Chinese scholar (320–387)

Zhu Fatai (竺法汰 (Zhú Fǎtài); AD 320 - 387) was a Chinese Buddhist scholar of the Jin dynasty. He was a disciple of Dao'an and Fotucheng in the ancient city of Ye and taught at Jiankang.

== Biography ==
Born 320, he moved to Jiankang from what is now Yishui in Shandong. As a young man, he had studied with Dao'an at Ye under monk Fotu Cheng. Following his time under Fotucheng, he left Ye in or around 349 and followed Dao'an on his wanderings through the northern and central provinces. Dao'an and his followers were forced to flee to Xiangyang in 365; Dao'an sent Fatai to Jiankang. En route to Jiankang, Fatai fell ill and was treated by the governor of the region, Huan Huo, in Jingzhou, at which several of the disciples held heated debates about the theory of the non-existence of conscious thought; this topic would feature later in Zhu Fatai's only surviving writings.

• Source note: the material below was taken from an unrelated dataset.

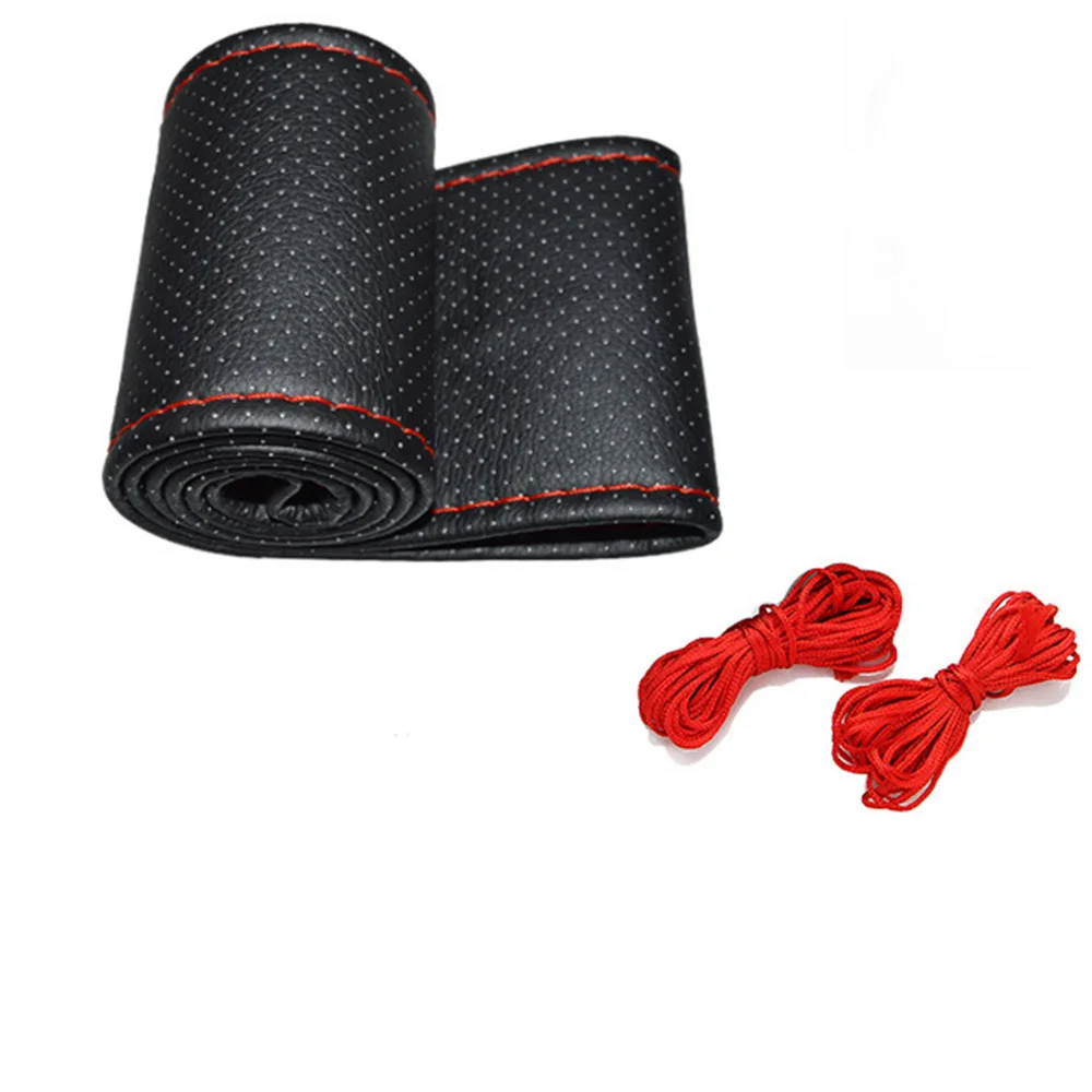 Универсальный автомобильный чехол на руль DIY нескользящий автомобильный Стайлинг Руль чрезвычайно мягкая кожаная оплетка для автомобиля с иглой и резьбой

Zhu Fatai lived in Jiankang during the same period as Zhu Sengfu (c. 300–370), another Buddhist master and teacher who had arrived in Jiankang as a refugee from the north. Zhu Fatai arrived at Waguan Temple (瓦官寺 (Waguansi)) around 365 AD with over forty disciples and was greatly influenced by Zhu Sengfu. Zhu Fatai's public discussions and lectures of the Prajnaparamita were so popular that they were attended by Emperor Jianwen of Jin, other high nobles and courtiers, and thousands of other people from across the region.

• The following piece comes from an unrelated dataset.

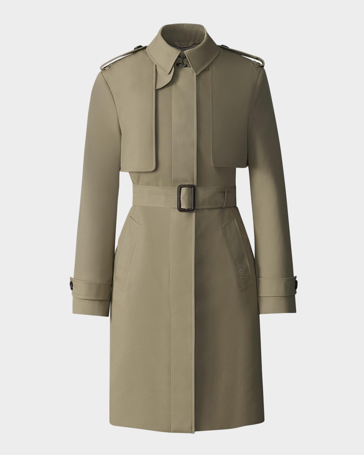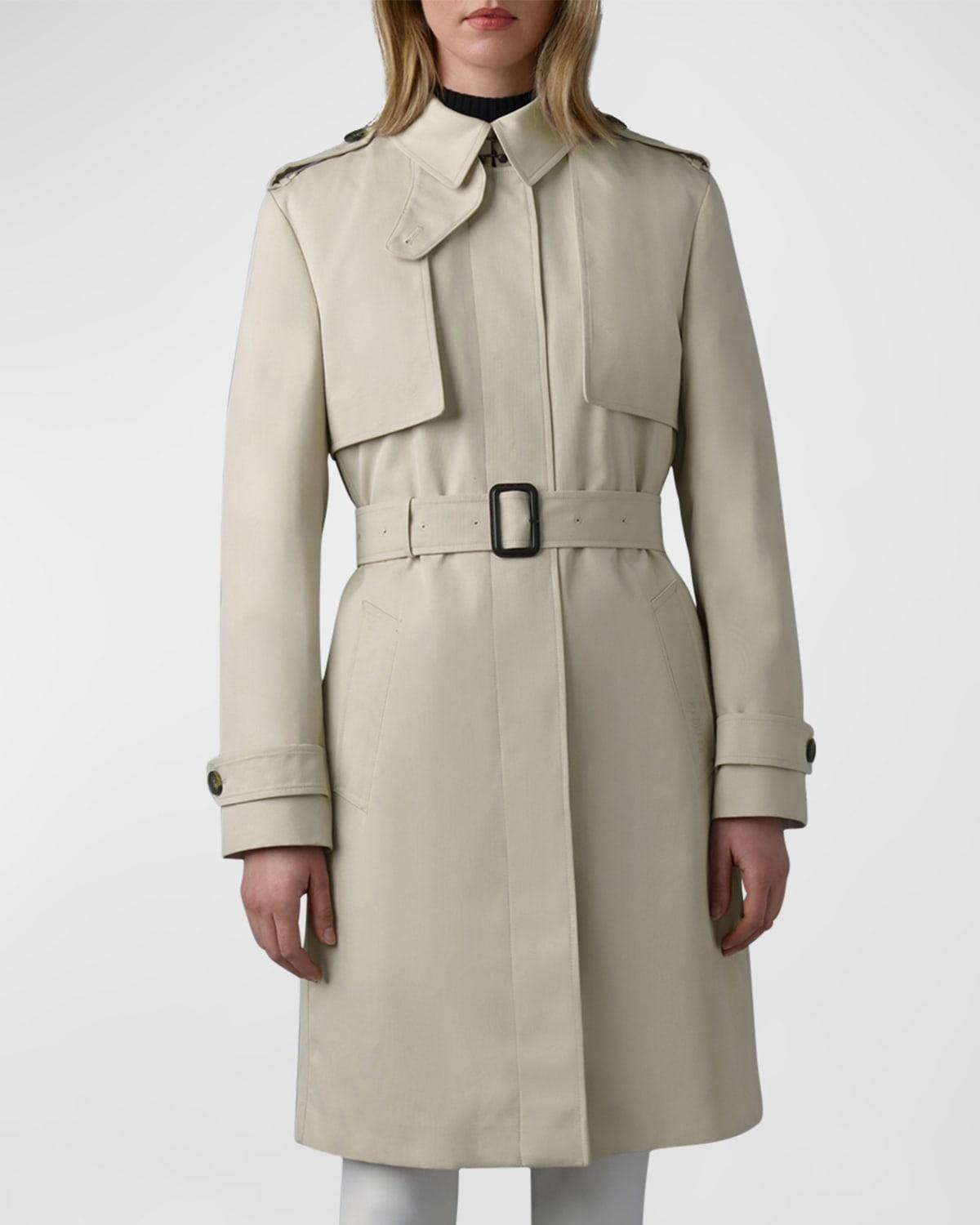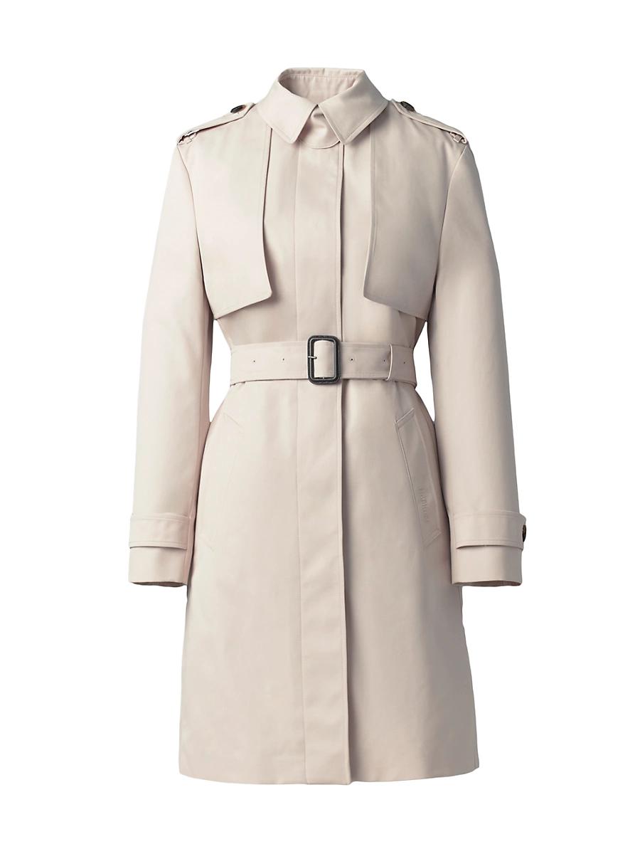 Mackage Winn 2-in-1 classic trench coat designed for moderate cold weather down to -5C Detachable buttoned throat latch Hidden button front closure Shoulder tabs with buttons Front and back rainshedder Long sleeves; adjustable sleeve tabs with buttons Adjustable belt Side welt pockets Vent at center back Hem hits around the knee Semi-fitted silhouette Polyester/cotton Lining: Viscose Removable polyfill liner Dry clean, leather method...

Like Dao'an, Zhu Fatai had an interest in monastic life; under his organization, Waguan grew from a small temple to one of the largest and most important monasteries in Jiankang. Zhu Fatai resided at Waguan for two decades, where he was one of the most well respected and well connected scholars and monks in the capital.

=== Legacy ===
As students of secular works, Zhu Fatai's disciples included Tanyi and Tan'er, both experts of Laozi and I Ching. One of his early students was a young Daosheng, one of the foremost scholars of his lifetime. Zhu Fatai was also the teacher of Zhu Daoyi (d. 401), who founded the Huahu school.